Tangy Tangerine

Tangy Tangerine

Aylin Öney Tan - aylinoneytan@yahoo.com
Tangy Tangerine

AA photo

The citrus world surely fascinates all us human beings. I have a particular fondness to all kinds of citrus; the perfect balance of sweetness and tanginess is the ideal taste combination a fruit should have, but it is the haunting smell of the peel that makes all citrus irresistible. The winner in the citrus family must be the tangerine, the reddish orange variety of mandarin oranges. 

Even the word tingles my mind. When it comes to tangerines, I cannot help but think of two books that I always enjoy browsing through while eating a tangerine. One was, as its name suggests, bought initially for its title, “Travels with a Tangerine,” a travelogue written by Tim Mackintosh-Smith, a scholar in Arabic, who followed the trail of Ibn Battuta, the great Arab traveler who set out from his native Tangier in 1325, starting a long journey of 30 years. Tangerines were named after Tangier, but unfortunately the great Arab traveler could never have tasted them in his home city, but he might have enjoyed them in China, as they were not yet available in the Mediterranean back in the 1400’s. 

The second book is by M.F.K. Fisher, “Serve it Forth,” where her essay “Borderland” includes the best writing on peeling a tangerine.

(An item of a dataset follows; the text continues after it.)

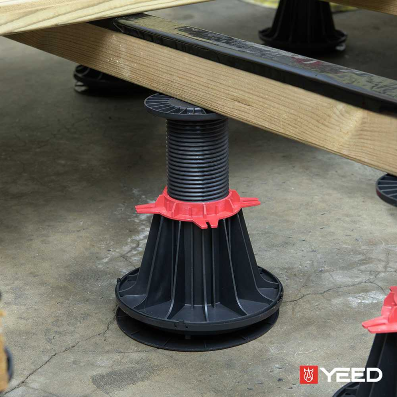 Self-leveling pedestal for joist 175/285 mm from the YEED brand. Made in France, it is guaranteed for 10 years. Robust, it supports up to 1 ton of load, resists extreme climatic conditions as well as acid and chemical products. Use: installation of raised wooden or composite terrace for pedestrian use. Height adjustment from 175 to 285 mm. Quick and easy installation: no need to pour a concrete paving, is placed directly on the ground without fixing.

How can one who has read this great piece peel a tangerine without thinking of M.F.K. Fisher? This week I’m cheating a bit, actually not daring to write a single word on tangerines, but copying the piece, to remember how to enjoy a tangerine. Now take a tangerine, sit back and read slowly as you peel it, inhaling its magical perfume and savoring the literary magic of M.F.K. Fisher. 

“In the morning, in the soft sultry chamber, sit in the window peeling tangerines, three or four. Peel them gently; do not bruise them, as you watch soldiers pour past and past the corner and over the canal towards the watched Rhine. Separate each plump little pregnant crescent. If you find the Kiss, the secret section, save it for Al.

Listen to the chambermaid thumping up the pillows, and murmur encouragement to her thick Alsatian tales of l’interieure. That is Paris, the interior, Paris or anywhere west of Strasbourg or maybe the Vosges. While she mutters of seduction and French bicyclists who ride more than wheels, tear delicately from the soft pile of sections each velvet string. You know those pulpy white strings that hold the tangerines to their skins? Tear them off. Be careful.

Take yesterday’s paper (when we were in Strasbourg L’Ami du Peuple was best, because when it got hot the ink stayed on it) and spread it on top of the radiator. The maid has gone, of course - it might be hard to ignore her belligerent Alsatian glare of astonishment.

After you have put the pieces of tangerine on the paper on the hot radiator, it is best to forget about them. Al comes home, you go to a long noon dinner in the brown dining-room, afterwards maybe you have a little nip of quetsch from the bottle on the armoire. Finally he goes. You are sorry, but.
 
On the radiator the sections of tangerines have grown even plumper, hot and full. You carry them to the window, pull it open, and leave them for a few minutes on the packed snow of the sill. They are ready.

All afternoon you can sit, then, looking down on the corner. Afternoon papers are delivered to the kiosk.

Children come home from school just as three lovely whores mince smartly into the pension’s chic tearoom.

A basketful of Dutch tulips stations itself by the tram-stop, ready to tempt tired clerks at six o’clock. Finally the soldiers stump back from the Rhine. It is dark.

The sections of the tangerine are gone, and I cannot tell you why they are so magical. Perhaps it is that little shell, thin as one layer of enamel on a Chinese bowl, that crackles so tinily, so ultimately under your teeth.

Or the rush of cold pulp just after it. Or the perfume. I cannot tell.

There must be someone, though, who understands what I mean. Probably everyone does, because of his own secret eatings.”


Bite of the Week


Fork of the Week:
The thing that made me write (or not write) about tangerines this week was a sorbet of clementine at Fauna. Chef/owner İbrahim Tuna has re-opened his restaurant in Ataşehir on the Anatolian side of Istanbul and he makes undoubtedly the best pasta dishes in town. Fauna was on my priority list all year, but I could only visit the place last Saturday. Now, I regret I did not go earlier. Everything we tasted was perfect, but it was the magical citrusy sorbet that made me think about tangerines. The small restaurant is closed on Sundays and Mondays, open only for lunch between Tuesday-Thursday, dinner is served only on Friday and Saturday (a reservation is required for dinners). It is worth the trip; do not miss the sorbet of oranges or clementine. www.fauna.com.tr/


Cork of the Week:
Hard to find in Turkey, but worth investing in a bottle of, is undoubtedly Mandarin Napoléon, the great Belgian invention. Instead, make a cocktail with freshly squeezed tangerines; one part juice, one part Campari, one part gin; serve over three cubes of ice, enjoy!